As diversas falas dos colaboradores desta pesquisa também confirmaram o crescimento da pecuária. Criar boi tornava-se, a partir dos anos de 1990, uma atividade importante nas áreas pesquisadas em Xapuri/AC (para “fazer dinheiro mais rápido”). Melo Fittipaldy (2012, p.112) organizou alguns números em seu trabalho de Mestrado e concluiu que:

[...] no ano de 1992 (dois anos após a criação da RESEX), mesmo com toda a crise que já se abatia sobre o extrativismo, ele representava 62% do valor total da produção. Deste percentual, a borracha respondia por 35,2%, seguida da castanha com 25% e de outros produtos (frutos, óleos, resinas, açaí etc.) com apenas 1,8%. A segunda atividade mais importante era a agricultura, correspondendo a 29% da produção. A pecuária era a responsável por apenas 9% (4,2% - bovinos; 3% - suínos; 1,8% - aves). No ano de 2009, o levantamento socioeconômico realizado pela SEMA aponta uma diferença nesse quadro situacional, visto que a pecuária em 2010 já respondia por 35% da renda familiar, empatando com o extrativismo.

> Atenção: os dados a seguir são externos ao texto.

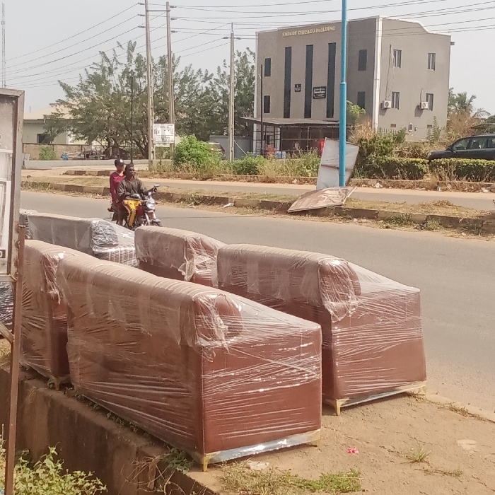 The image depicts a street scene in Oshogbo, Nigeria, with new furniture displayed in the foreground and a prominent building in the background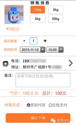 选择你需要的【购买数量】、【预约时间】、【送气地址】【付款方式】。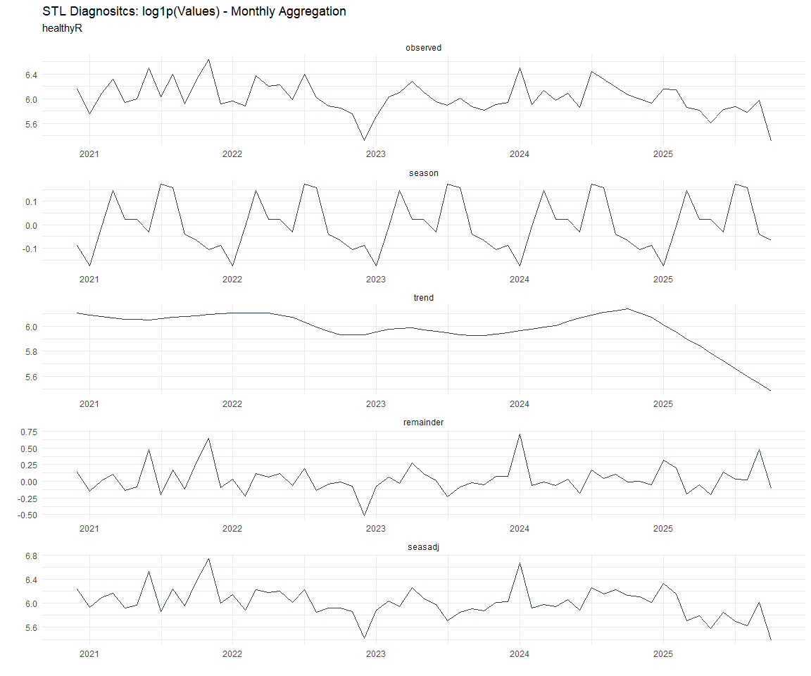 healthyR | 1 | ARIMA | Test | 0.5319473 | 146.89514 | 0.7896331 | 173.0737 | 0.6663800 | 0.0085956 |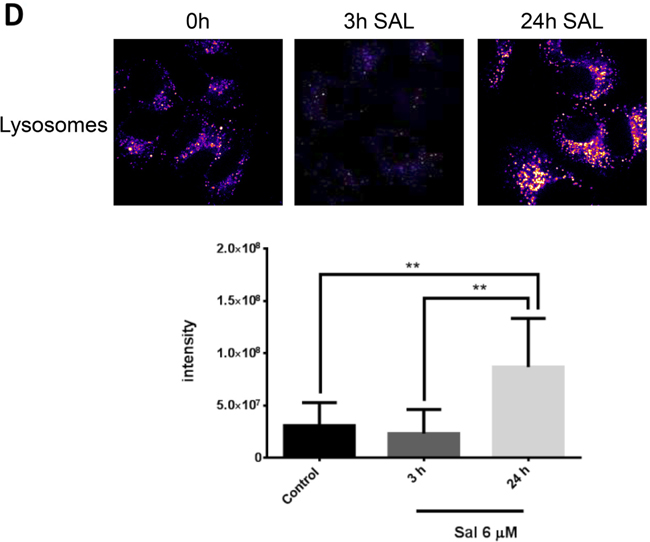 Salinomycin is able to increase the intracellular calcium level as previously shown in neurons [25]. This elevated calcium level, among other factors, is responsible for enhanced endocytosis and premature fusion of lysosomes with endosomes [26, 27]. Thus, we wanted to elucidate whether salinomycin treatment also augments the cytosolic calcium level in breast cancer cells. Our results demonstrate that the intracellular calcium level is significantly increased in MCF-7 cells upon salinomycin treatment as observed by a Fluo-3-AM staining (Figure 3C). By applying lysotracker we found an increased number of lysosomes accordingly.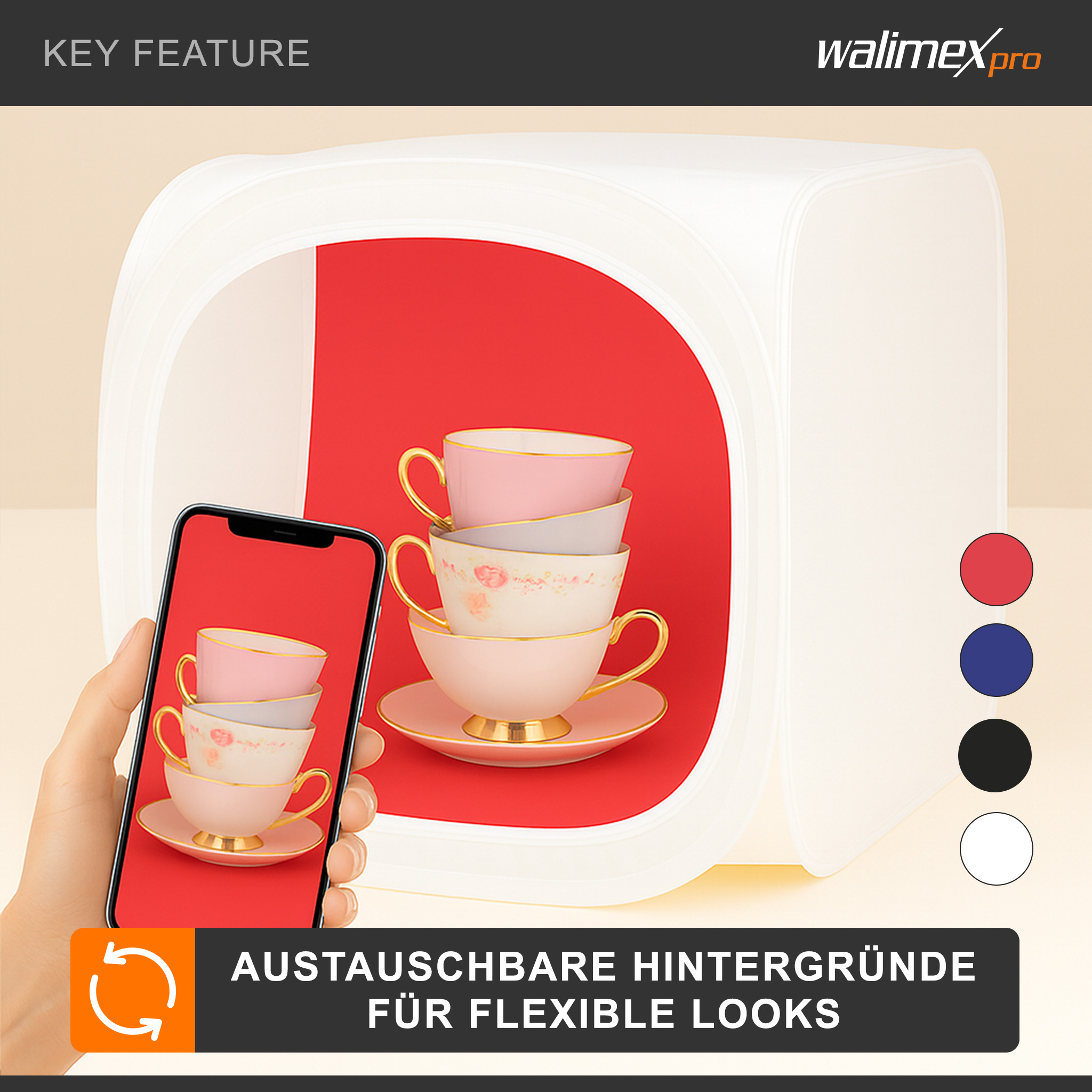 Walimex pro Pop-Up Lichtwürfel 75x75x75cm Einsteigerset Produktfotografie ideal für... mehr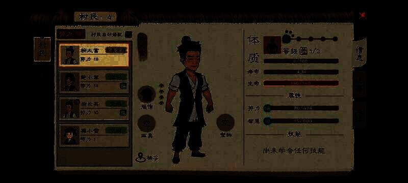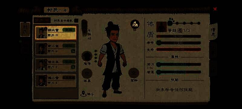 这游戏是有生死系统,打开村民主页,可以查看他能活多少岁,年龄越大,他样貌就会越老,就越接近死亡,不过不管他年龄多大,你都可以让他来进行工作,没有养老,只有压榨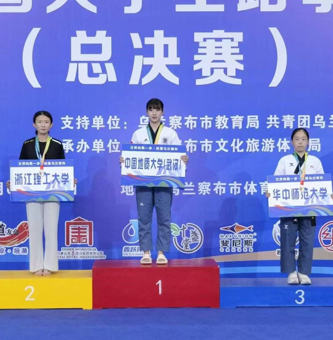 7月6日至11日,第19届中国大学生跆拳道锦标赛(总决赛)在内蒙古乌兰察布市体育馆举行,本次比赛由中国学生体育联合会主办,中国学生体育联合会大学跆拳道分会执行,共有来自全国155所高校的1090名运动员、教练员参赛。我校跆拳道队谢欣怡同学参加了甲组女子个人高阶品势和甲组女子个人段位品势两个项目的比赛。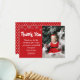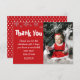 Este lindo cartão de agradecimento é uma ótima maneira de agradecer a amigos e familiares pela companhia e presentes após o período de férias. Este cartão apresenta um texto que diz 'OBRIGADO' com flocos de neve no topo do cartão e sua foto de Natal favorita, uma mensagem pessoal de gratidão ou mantenha o modelo e, em seguida, quem é o remetente. Todos os estilos de fonte de texto, tamanho e cores podem ser alterados clicando no link personalizar ainda mais após a personalização.

Ainda, sobre a questão das mudanças nas formas de uso da terra, vale acrescentar uma outra questão relevante como fechamento desse subitem, ou seja, provocaram alterações nas identidades desses sujeitos sociais tornando-as cada vez mais complexas e fragmentadas. Identidades que anteriormente eram fortemente enraizadas na história cultural da extração de látex e produção de borracha e no relativo sucesso das lutas pelo direito a terra (“empates” - criação das Reservas Extrativistas).